Эдгар Дж.Уоткинс, перекинув через руку смотанную проводку, сказал громко, шутя, разумеется:
– Ето примерминистера машина.
Септимус Уоррен-Смит, застрявший на тротуаре, услышал его.
Септимус Уоррен-Смит, примерно лет тридцати, бледнолицый, носатый, в желтых ботинках, но в обтрепанном пальтеце и с такой тревогой в карих глазах, что кто на него ни взглянет, сразу тревожился тоже. Мир поднял хлыст; куда падет удар?

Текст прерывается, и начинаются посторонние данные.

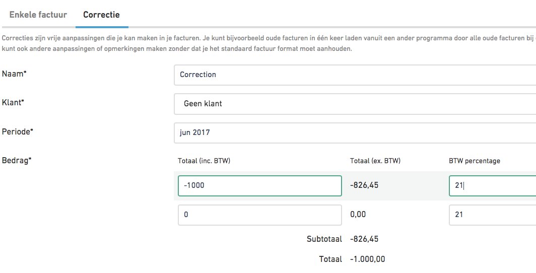 When setting up your correction, make sure your select the same customer. Enter -1000 as the amount, note that by default a correction is including VAT.

Все стало. Гремели моторы, как неровный пульс отдается во всем теле. Солнце невозможно пекло из-за того, что автомобиль застрял у цветочного магазина Малбери; старые дамы в верхнем этаже автобусов распускали черные зонтики; там и сям с веселым щелчком распахивался то зеленый зонтик, то красный. Миссис Дэллоуэй с охапкой душистого горошка в руках высунула в окно розовое маленькое личико, выражающее недоумение. Все смотрели на автомобиль. Септимус тоже смотрел. Мальчишки спрыгивали с велосипедов. Еще и еще машины попадали в затор. А тот автомобиль стоял с затянутыми шторками, и на шторках был странный рисунок, наподобие дерева, думалось Септимусу, и оттого, что все, все стягивалось у него на глазах к единому центру, будто что-то страшное совсем почти вышло уже на поверхность и вот-вот могло взметнуться костром, Септимус сжался от ужаса. Мир дрожал, и качался, и грозил взметнуться костром. Это из-за меня затор, подумал он. На него, наверное, смотрят, пальцами тычут; и неспроста его, значит, придавило, пригвоздило к тротуару? Только зачем?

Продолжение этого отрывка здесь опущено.